JOURNAL ARTICLE

Varying marginal ulcer rates in patients undergoing laparoscopic Roux-en-Y gastric bypass for morbid obesity versus gastroesophageal reflux disease: is the acid pocket to blame?

Megan M Gilmore, Kara J Kallies, Michelle A Mathiason, Shanu N Kothari
Surgery for Obesity and related Diseases: Official Journal of the American Society for Bariatric Surgery 2013, 9 (6): 862-6
23522621

BACKGROUND: Nissen fundoplication failure rates are increased in obese patients; however, conversion to laparoscopic Roux-en-Y gastric bypass (LRYGB) can resolve or improve gastroesophageal reflux disease (GERD) symptoms. Acid pockets near the gastroesophageal junction may influence these surgical outcomes. Our objective was to compare the outcomes for patients who underwent LRYGB for morbid obesity (MO) versus GERD.

METHODS: A retrospective review of our institution's bariatric database was completed. Statistical analysis included t test and χ(2) test.

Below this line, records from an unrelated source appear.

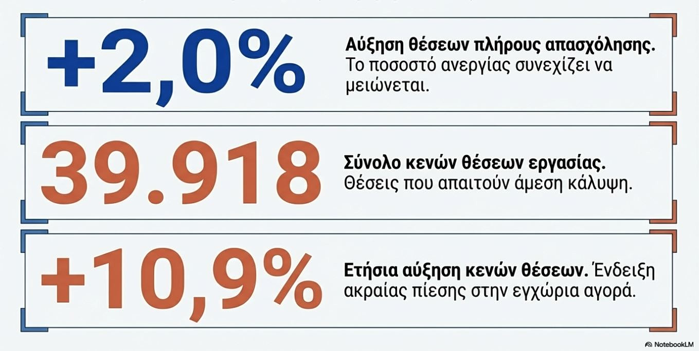 Ο αριθμός των κενών θέσεων, σύμφωνα με τα εποχικά διορθωμένα στοιχεία της Eurostat, ανήλθε στις 39.918 θέσεις εργασίας, αυξημένος κατά 10,9% σε σύγκριση με το αντίστοιχο τρίμηνο του 2024.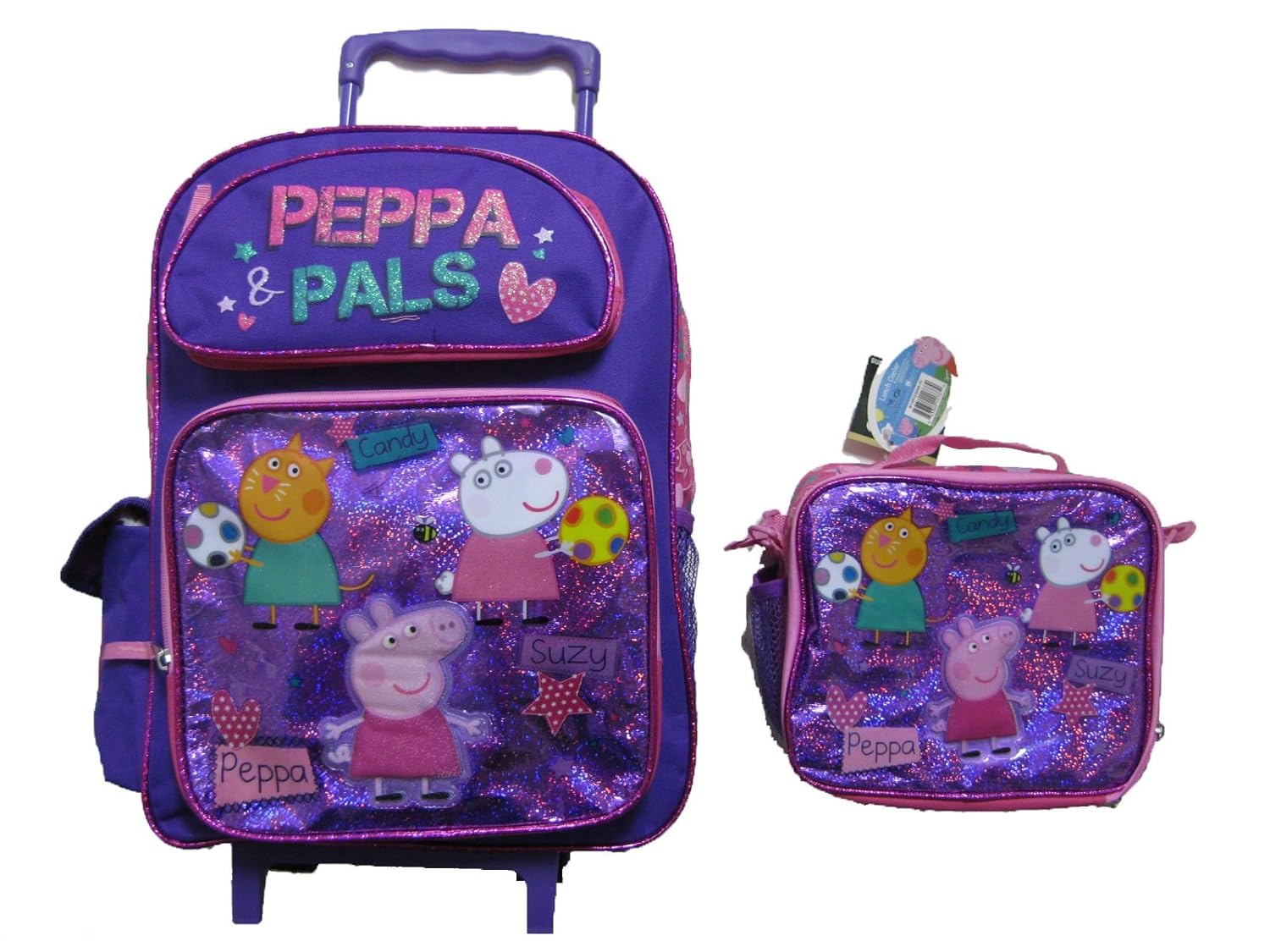 PEPPA PIG 16" ROLLING WITH HANDLE BACKPACK AND MATCHING PEPPA PIG LUNCH BOX!!!BRAND NEW WITH TAGS!!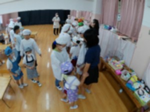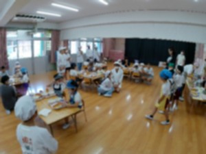 幼稚園の体験給食を、6年生が手伝ってくれました

RESULTS: LRYGBs were performed from 2001-2011 for MO and 2009-2010 for GERD. Eighty-three percent of patients in the GERD group had undergone previous antireflux surgery. The median time from initial presentation to LRYGB was significantly shorter in the GERD versus the MO group (105 days versus 241 days; P = .009). There was an increased rate of marginal ulcers in the GERD group compared with the MO group, at 50% versus 4.5%, respectively (P = .001). Stomal stenosis was also increased in the GERD group compared with the MO group, at 8.3% and .7%, respectively (P = .091). There were no in-hospital or 30-day mortalities.

CONCLUSION: Patients undergoing LRYGB for GERD had a shorter interval to surgery and an increased rate of marginal ulcers compared with those undergoing LRYGB for MO. Operative time was longest among patients in the GERD group. The acid pocket may explain the increased ulcer rate in the GERD population. Use of a smaller sized pouch may improve this outcome.